When you hear the term Real Estate Investment Trust, or REIT for short, you probably think of investments in major sectors like apartments, office, and retail. But there’s a growing niche in the public REIT market – specialty REITs.
Specialty REITs offer something for everyone. They dabble in just about everything, including student housing, casinos, prisons, senior housing, cannabis facilities, and cell phone towers, to name a few. They focus on filling voids in the market, and investors have noticed. These REITs have found an increasingly receptive audience as of late due to their unique core competencies that provide a competitive advantage.1 And since specialty REITs are typically early in the real estate cycle, they have the potential to further diversify real estate portfolios and mitigate risk as other sectors enter the latter stages.
And while many of these REITs have seen double-digit growth in 2018 compared to the broader REIT market, there are several key specialty sectors to keep an eye on.1
Student housing REITs are at the top of the class
In recent years, student housing has graduated into a sought-after real estate sector. Today’s student housing isn’t what it used to be. It’s a far cry from the cinder block walls and artificial light you may remember. Now, student housing is comprised of modern apartments in off-campus buildings that are equipped with lifestyle amenities like fitness centers, roof deck pools, and lightning-fast WiFi.
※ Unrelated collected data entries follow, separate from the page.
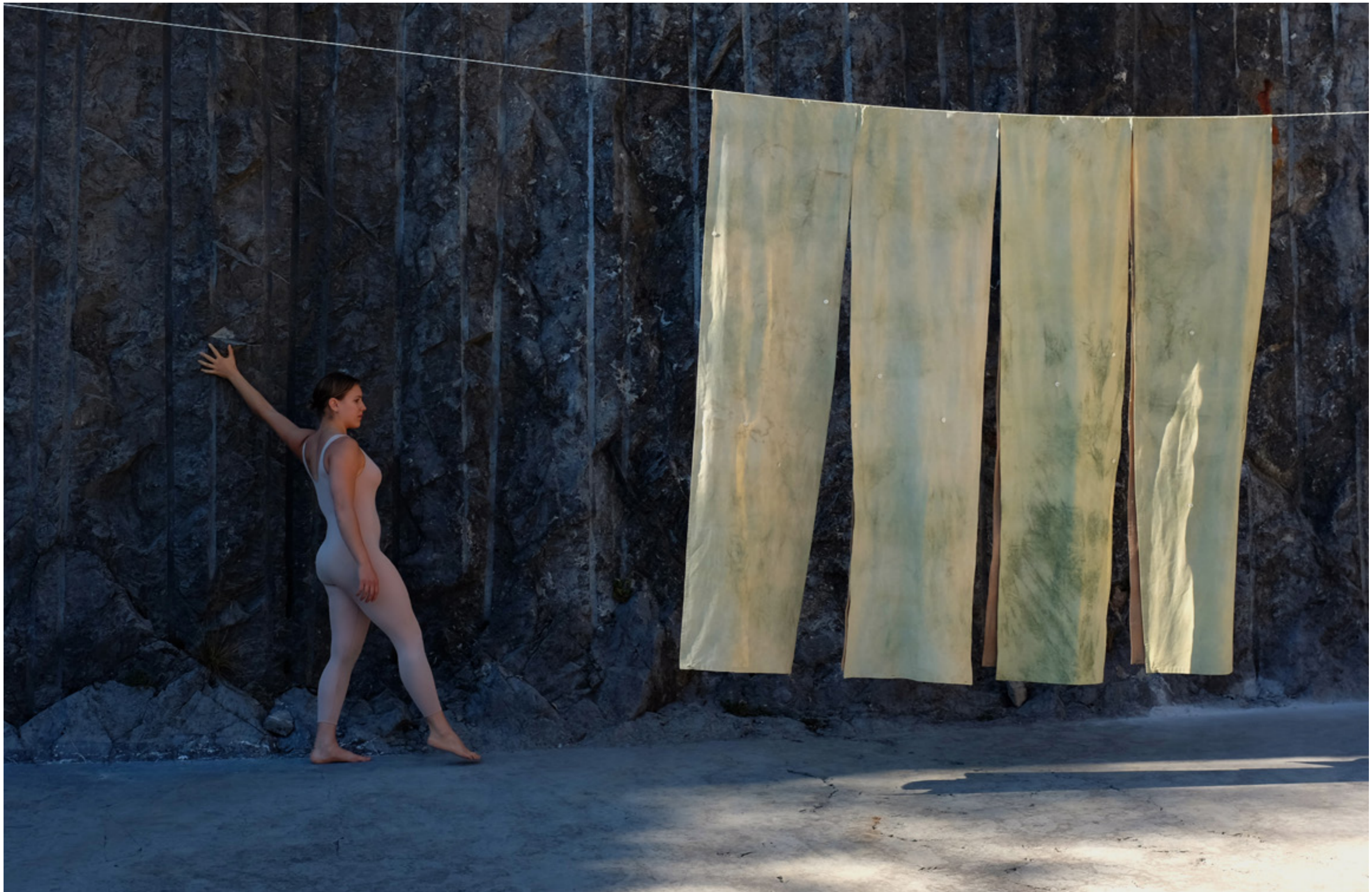
installation view at Sommaprada quarry, Bergamo, IT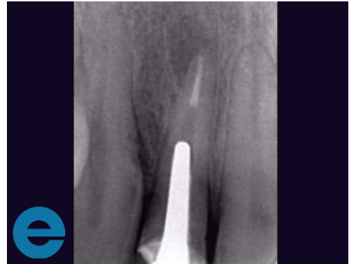
1. Initial situation. Root fracture and bone loss at apical area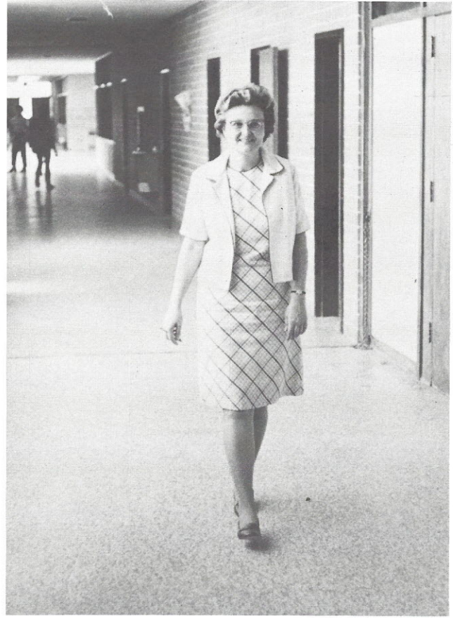
Bum, Bum, here she comes!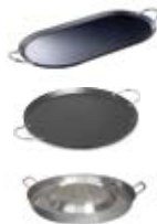
Comal 1 Oval - HSW086 2 Redondo Med - HSW005 3 Sombrero Med - HSW079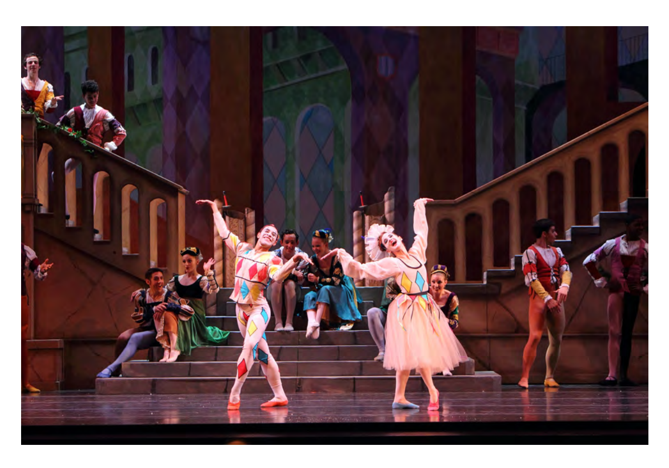
Commedia dell'Arte Performers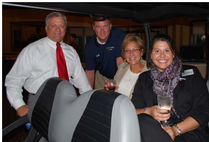
Battery Specialists + Golf Cars & Sunset Hills Country Club, October 10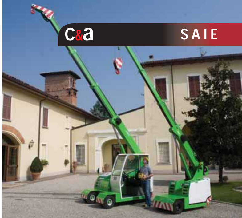
A new entrant into the sector will launch a five machine range of pick and carry machines up to 60 tonnes.

Two Eagle S machines will also be on display - the 5031 and 6232 - as well as a 'special' 15 metre telescopic platform on a Mercedes Unimog made specifically for Italian Energy Company ENEL. The platform has been designed for off road use and on steep slopes when levelled with its outriggers.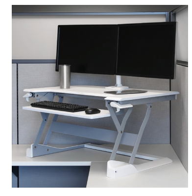
SHOWN WITH WORKFIT-TL SIT-STAND WORKSTATION

FACH MONITOR HAS INDIVIDUAL UP/DOWN TILT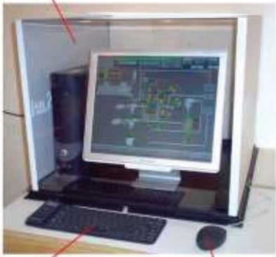
Dust-tolerant keyboard Dust-tolerant mouse

A drawback of using this approach is both the added expense of the dust case and specialized keyboard/mouse, as well as some difficulty in access to the less-frequently used devices such as the DVD/CDROM drive.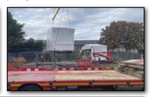
The sections arrived by lorry before being removed by crane and moved into place.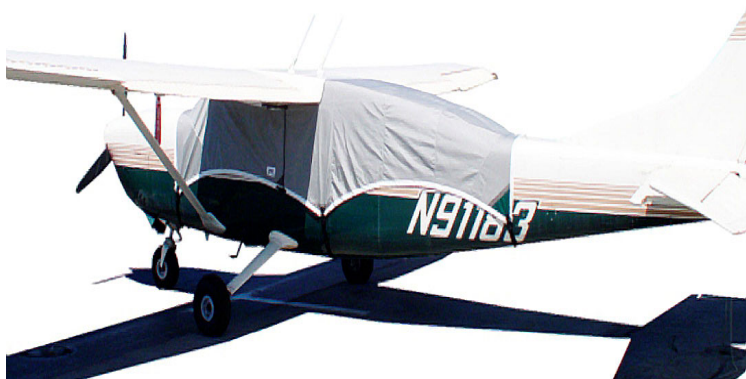
Cessna 207 Canopy Cover

This cover type is made from Silver Acrylic Sunbrella canvas and is 100% lined with a soft and smooth microfiber. Bruce's Custom Covers developed this material combination especially for aircraft protection. The outer material is medium weight and treated for water resistance, UV resistance and anti-static buildup. The inner lining is a very soft and smooth microfiber to prevent scratching. The material is very reflective, and tests show that the cabin interior temperature can be reduced to near-ambient temperature on the hottest of days. It is water, ice and snow repellent, yet breathable to allow moisture to escape from between the cover and the aircraft surface.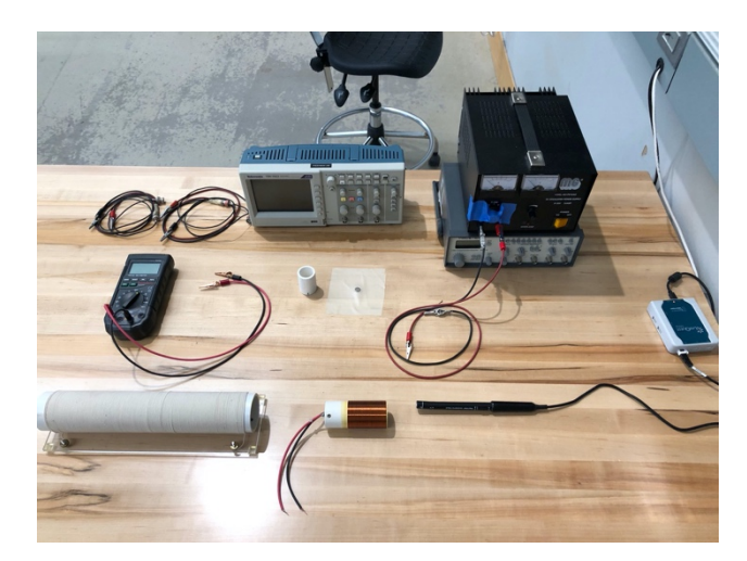
Figure 3: The equipment used to measure \mu_0 is shown. Note that that a signal generator and oscilloscope were provided, but they were not used in the measurements described here.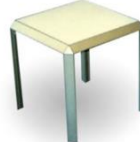
D5 – Coffee Table (L=50, W=50, H=45cm)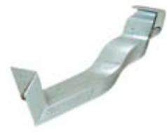
DIE CAST ANGLES Internal & External 45° and 90°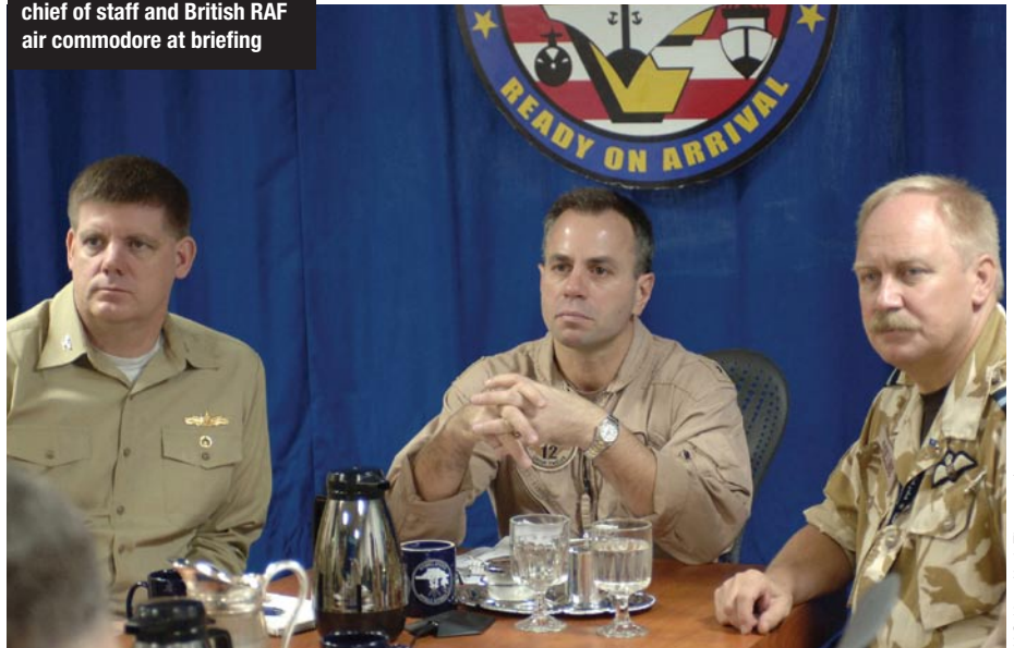
Commander of Enterprise Carrier Strike Group with his chief of staff and British RAF air commodore at briefing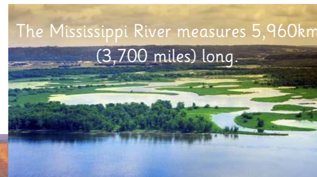
The Mississippi River measures 5,960km (3,700 miles) long.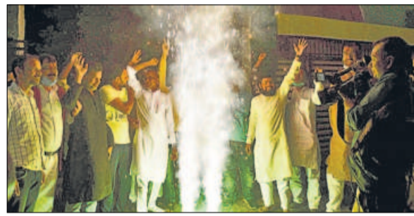
पटना में मंगलवार को उपचुनाव में मिली जीत के बाद जश्न मनाते जदयू कार्यकर्ता।

उपचुनावों को लेकर ज्यादा चौंकाने वाले नतीजे हिमाचल के हैं। वहां अगले वर्ष चुनाव होने हैं। विधानसभा की तीन और लोकसभा की एक सीट को कांग्रेस जीतने में सफल रही है। उसने लोकसभा व विधानसभा को एक-एक सीट भाजपा से छीनी है। जबकि राज्य में भाजपा की सरकार है। आमतौर पर जिस दल की सरकार राज्य में होती है, उसे ऐसी पराजय का सामना नहीं करना पड़ता है। इसलिए हिमाचल की हार-जीत को आगामी चुनावों से जोड़कर देखा जाने लगा है। पर चुनाव में अभी वक्त है और भाजपा के पास रणनीति को नए सिरे से निर्धारित करने का पर्याप्त वक्त है। राजस्थान में

And just as student housing itself has evolved, so has its popularity as a viable investment option. Demand for student housing continues to rise thanks to urban colleges that offer students an attractive mix of culture and convenience, and large public universities that offer value and a “true college experience.” As a result, demand is outweighing current supply, creating a unique investment opportunity.2
In fact, student housing has even been referred to as “recession-proof” due to its ability to withstand financial crisis and its lack of volatility. That’s because people often go back to school during economic downturns, leading to a surge in new enrollment and demand for student housing. Subsequently, over the last 14 years, student housing’s average return was 2.8 percent, which was relatively close to the multifamily average return of 3.7 percent, another supposed “recession-proof” sector.2
There’s also future enrollment to consider. More Millennials are going to college than any other generation, and as a result, enrollment in higher education is expected to increase 14 percent, up to 23 million by 2024, further fueling student housing demand.2
A new lifestyle for a growing senior population
Just as the Millennial generation is driving demand for student housing, the Baby Boomer generation is aging and increasing the need for senior housing.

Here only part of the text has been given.